Il meccanismo retributivo (in base al quale è erogata la quasi totalità delle pensioni vigenti) fa sì che le prestazioni più alte assorbano una quota assolutamente significativa di risorse: il 45,5% dei titolari di pensioni più basse (con reddito pensionistico medio mensile di 579 euro) pesa per il 20,4% sull’ammontare totale delle pensioni, mentre il 4,6% dei titolari di prestazioni della fascia più alta (che ricevono in media 4.356 euro al mese) ha un’incidenza di poco inferiore sul totale della spesa (15,7%).
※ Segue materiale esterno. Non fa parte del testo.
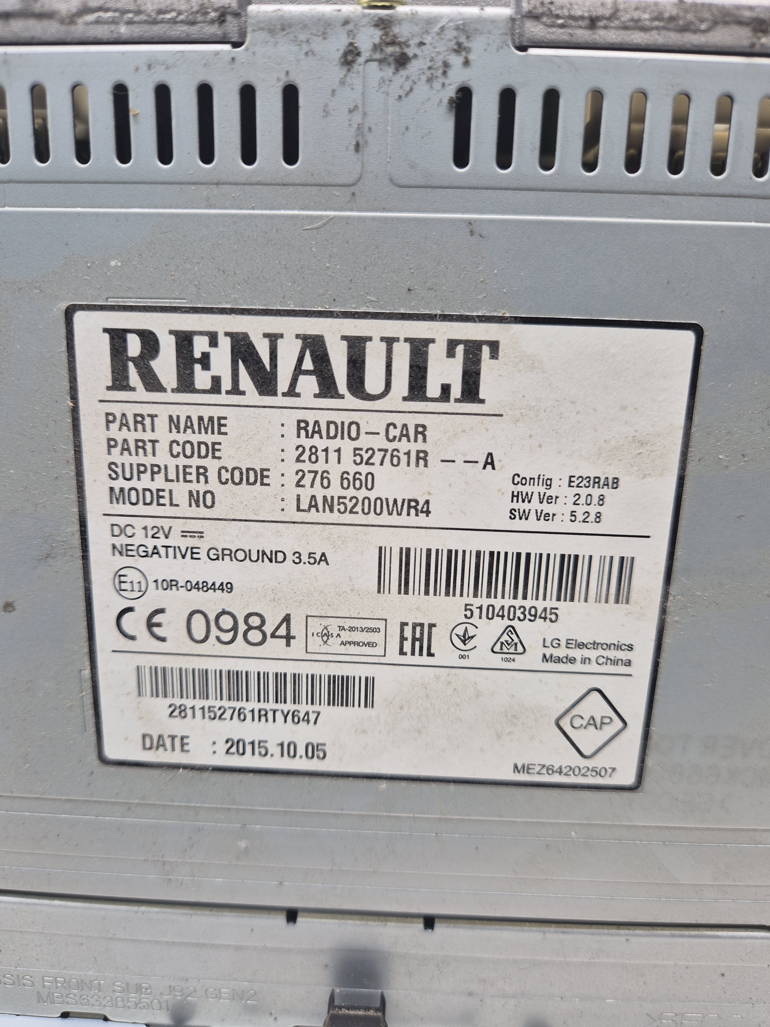 Référence RENAULT : 281157850R

Paure e iniquità generate dalla previdenza italiana. Si affida ai risultati di un’indagine dell’Eurobarometro di confronto tra i Paesi dell’Unione europea il Censis per evidenziare con l’81% degli italiani intervistati esprima un giudizio negativo sulla previdenza e di questi il 33% esprima un giudizio molto negativo; si consideri che solo il 32% dei finlandesi giudica negativamente il proprio sistema previdenziale, seguito dal 33% dei tedeschi, dal 39% degli abitanti del Regno Unito, mentre la media dei 27 Paesi della Ue è pari al 55%. Rispetto a un anno fa la valutazione negativa degli italiani ha subito un balzo in alto di 25 punti percentuali, dato di gran lunga superiore a quello medio europeo (+2%), e a quelli degli altri Paesi Ue, a cominciare dalla Francia (dove il giudizio negativo è diminuito di 12 punti percentuali), la Finlandia (-11 punti percentuali), la Germania (-8) e la Spagna (-3).
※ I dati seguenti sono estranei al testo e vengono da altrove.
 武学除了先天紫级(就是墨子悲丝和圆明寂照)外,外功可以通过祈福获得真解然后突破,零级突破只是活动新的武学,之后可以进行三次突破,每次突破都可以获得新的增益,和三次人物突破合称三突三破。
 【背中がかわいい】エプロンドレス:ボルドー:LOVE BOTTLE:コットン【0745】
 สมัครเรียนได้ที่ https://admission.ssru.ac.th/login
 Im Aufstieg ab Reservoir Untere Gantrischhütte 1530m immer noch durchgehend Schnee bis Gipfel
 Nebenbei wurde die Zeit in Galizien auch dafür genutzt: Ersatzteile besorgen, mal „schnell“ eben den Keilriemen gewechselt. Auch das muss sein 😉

Alla richiesta di esprimere una valutazione rispetto a cinque anni fa, il 74% degli italiani dichiara che la previdenza è peggiorata, mentre in Finlandia il dato scende al 23%, in Svezia al 40%, in Germania al 41% e nel Regno Unito al 52%; il dato italiano è particolarmente elevato se lo si confronta anche con la media dei 27 Paesi della Ue, pari al 58%.
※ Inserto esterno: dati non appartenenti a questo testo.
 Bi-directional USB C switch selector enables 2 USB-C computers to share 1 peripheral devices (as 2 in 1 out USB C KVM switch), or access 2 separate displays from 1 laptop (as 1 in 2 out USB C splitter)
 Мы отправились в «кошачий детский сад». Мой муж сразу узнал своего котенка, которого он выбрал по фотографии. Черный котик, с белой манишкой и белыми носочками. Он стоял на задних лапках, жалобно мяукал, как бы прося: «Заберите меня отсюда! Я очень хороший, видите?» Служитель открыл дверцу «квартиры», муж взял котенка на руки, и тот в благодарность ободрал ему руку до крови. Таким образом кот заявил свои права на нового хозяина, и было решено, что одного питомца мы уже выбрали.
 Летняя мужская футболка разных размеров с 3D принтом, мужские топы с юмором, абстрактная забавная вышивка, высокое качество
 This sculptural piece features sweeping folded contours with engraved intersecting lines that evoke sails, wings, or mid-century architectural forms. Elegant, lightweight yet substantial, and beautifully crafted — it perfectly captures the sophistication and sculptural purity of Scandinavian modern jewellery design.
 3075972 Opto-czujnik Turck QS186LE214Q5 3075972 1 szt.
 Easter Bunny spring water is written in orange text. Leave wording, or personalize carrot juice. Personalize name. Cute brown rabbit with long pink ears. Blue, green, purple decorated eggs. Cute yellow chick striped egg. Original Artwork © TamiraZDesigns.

Le aspettative per il futuro della previdenza sono per il 50% degli italiani di ulteriore peggioramento, mentre molto diverse sono le aspettative in Finlandia (il 14% parla di peggioramento), in Svezia (20%) e soprattutto in Francia, dove il 23% parla di peggioramento, ma ben il 28% si aspetta un miglioramento. L’Italia è sotto al valore medio europeo (40%), mentre solo spagnoli e greci sono portatori di aspettative meno positive degli italiani.
“C’è una torsione evidente del ruolo sociale della previdenza, un suo progressivo diventare agli occhi degli italiani un problema più che una risorsa, un sistema minato dall’interno da contraddizioni, che costa tanto in generale e copre poco in particolare, con bassi redditi pensionistici attuali e futuri”, commenta il Censis, secondo i quali l’idea che ormai veicola agli italiani, e più ancora ai giovani, quando guardano al loro futuro, è quella di essere “condannati a pensioni basse”.
Non a caso, tra gli eventi che probabilmente li coinvolgeranno nel corso della loro vita, quasi il 68% reputa molto o abbastanza probabile l’impossibilità di ricevere una pensione adeguata nel futuro, quota che decolla letteralmente tra i giovani a oltre il 93% e rimane alta trasversalmente al corpo sociale. “Le iniquità – conclude il Censis - contribuiscono poi a screditare un sistema che negli ultimi anni ha visto un compattamento gestionale di sapore antico, tutto centrato sull’Inps; tra queste iniquità c’è quella visibile e nota, ma non per questo meno socialmente deleteria, della coesistenza di pensioni molto basse per tanti e pensioni dai valori svettanti per pochi”. Tra i pensionati con pensioni di vecchiaia, il 35% ha un reddito pensionistico inferiore a 1.000 euro mensili e assorbe circa il 14,9% del totale dei redditi pensionistici; laddove il 6,4% che ha almeno 3.000 euro mensili di reddito pensionistico (categoria in cui sono ricomprese anche le pensioni molto elevate) assorbe oltre il 18,7% del totale dell’ammontare delle pensioni erogate.